I won't go into much else, because I think Sandra covered everything. So before any additional steps at all, I would consider how much I value working with this client and go from there. Pretty much anything you do to further pursue this now will likely end that relationship.

I personally think they are abusing the acquisition speak given she was a solo practiioner and there were no additional employees besides her . I suspect the Mg Ptnr got creative in how he could avoid paying a second fee and designed this hire to appear to be an acquisition on paper. I would pursue the fee under  your placement clause and cut them loose if it is clear after dust setttles this was a fee avoidance strategy. 

Hi Matt.  Very interesting post.  Our fellow recruiter, business owner, blogger Sandra McCartt led me here.  I have had similar things happen to me during my 12 years but not necessarily the exact same rational.  Basically, the part that's similar is some technicality or claim by the client that relieves them of paying my fee.  I don't want to talk about my situation since what's relevant is yours.

First, let me tell you that your issue is much more complicated than what appears on the surface to lay people.  That's not to demean anybody's intelligence but this is not an issue of "intelligence" per se but rather the letter of the law.  I'm also a 3rd year law student by the way.  I'm embarking on my third career change. :)

Anyway, let me oversimplify what is actually quite an interesting and intriguing problem you have.  You have one agreement  and they are flaming some corporate merger trumps your fee agreement provision.  It's a battle of contracts.  One of the things to find out is if "she", the candidate" is a true bone fide "corporation" / business.  If they acquired her business in a  merger than there are actual steps that need to be taken.  Any material misstep in the official legal process that is required for a true bone fide merger and its a fraud.  It's no merger at all.  Get me?  Another approach is to actually charge them with something serious like fraud and intentionally screwing you over.  This is juicy punitive stuff which means you may not only get the value of your services or the contract price that they would owe you under normal circumstances but that because their actions were done with mal intent you would get the value of what dollar figure would punish them.  If they are a $1m a year firm, about $200k would be right and so forth (however this is hard to prove).  You have to prove they intentionally knowingly went against your agreement so they could avoid paying fees instead of their likely claim of a legitimate business interest in her firm's services.

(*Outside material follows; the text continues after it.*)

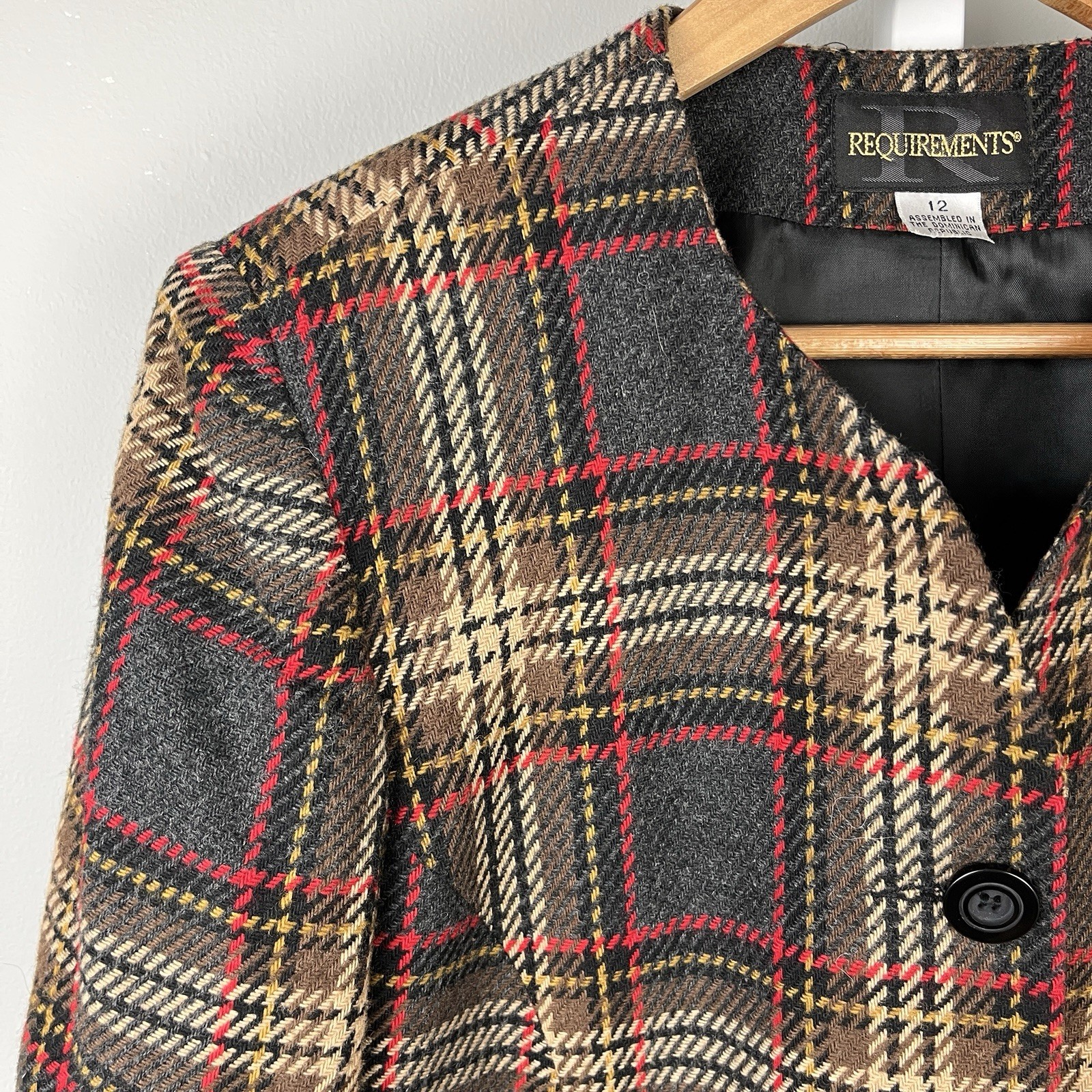 Vintage 90s Requirements Womens Blazer Jacket 12 Plaid Wool Blend Boxy Old Money

1. Just taking at face value what you stated, you have a good case.

2. To determine how good, will require more information.  Probably not worth fighting unless you have at least 65-70% chance of winning.

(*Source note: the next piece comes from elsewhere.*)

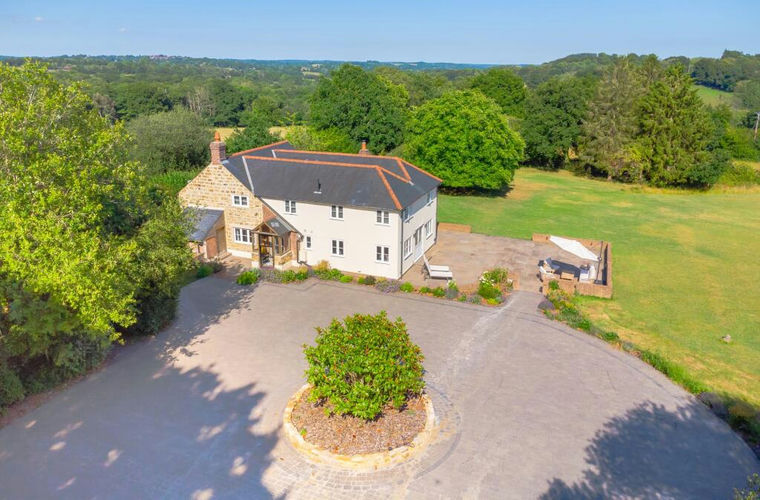 A beautifully presented character country house with a substantial detached three bedroom annex, studio, outbuildings and gardens and grounds extending to 10.27 acres affording spectacular and far reaching country views. This handsome home, dating back to the 1800’s, has been beautifully enlarged and improved and offers light and spacious accommodation extending to 2,289 sq. ft. Within the grounds and accessed via a separate driveway is an outstanding three bedroom detached annex building, constructed in 2015 and provides immaculate secondary accommodation ideal for a relative/multi-generational living or separate lettings/Airbnb potential. The annex extends to 1,272 sq ft and is clad in oak and comprises three bedrooms, a bathroom, a dining room and a large kitchen/living room opening out through bi-folding doors to a decked terrace. The main house offers light and generously proportioned accommodation which comprises in brief, an entrance porch, a good sized entrance hall, a cloakroom, an impressive double aspect sitting/dining room with wide inglenook fireplace and wood burning stove, a pretty study with glazed door opening to the patio and gardens, and a magnificent open plan triple aspect farmhouse style kitchen/family room with twin plate Aga and glazed double doors opening to a south facing terrace. From the entrance hall, a staircase ascends to a first floor landing, a double aspect master bedroom with extensive built-in wardrobes and luxuriously appointed en-suite bath/shower room, four further generous size bedrooms (one of which is en-suite) and a family bathroom. Outside, the property is approached via electronically controlled twin gates on brick pillars leading to a sweeping and re-laid brick driveway which provides extensive off street parking, to one side of the driveway is extensive garaging in the shape of a triple garage above which is a large gymnasium/game’s room. The driveway splinters to the paddocks and further buildings to include a machinery store and a wood store. Opposite the house is a former timber stable building which has been rebuilt to provide two outstanding studio buildings which could provide ideal home offices. The gardens and grounds provide a spectacular backdrop and have been extensively landscaped with a southerly facing terrace immediately adjoining the property beyond which are large expanses of rolling lawn within which is a mature orchard and a large area of natural meadowland with a bank of high hedging and mature trees to the boundaries providing a high level of privacy to all sides. The grounds extend in total to just over ten acres. EPC Band F.

3. Even if you do win, it will cost you money.  

So answer yourself this question.  Do you think that a properly addressed and serious demand letter and a little bullying will get them to see the error in their ways and settle out of court?  Do you know what kind of people they are and how deep their pockets are?  If they are the type to fight it out, you're probably better off just letting it go and chalking it up to a lesson learned.

Feel free to email or contact me.  Your situation is of interest to me but I am not an attorney.

Update:

 

Thank you all for your input it helped in my resolution to this situation.  I didn’t want to burn my bridge with this client or engage an attorney with all the emotional and monetary expense.  I spoke again with the Managing Partner and I offered to meet in the middle and cut my fee in half.  He thought that was fair and I will still maintain my good relationship with the firm.  He emphasized that he didn’t want me to think he was trying to steal my candidate and I believe him.  I do feel good about this and I think I could have fought to get my entire fee but I believe maintaining good will with this client will benefit me in the long run.

A good deal is when both paties walk away thinking they only got part of what they wanted. Good work.
Sounds like he thought about the situation too and dudn't want to burn his bridge with you.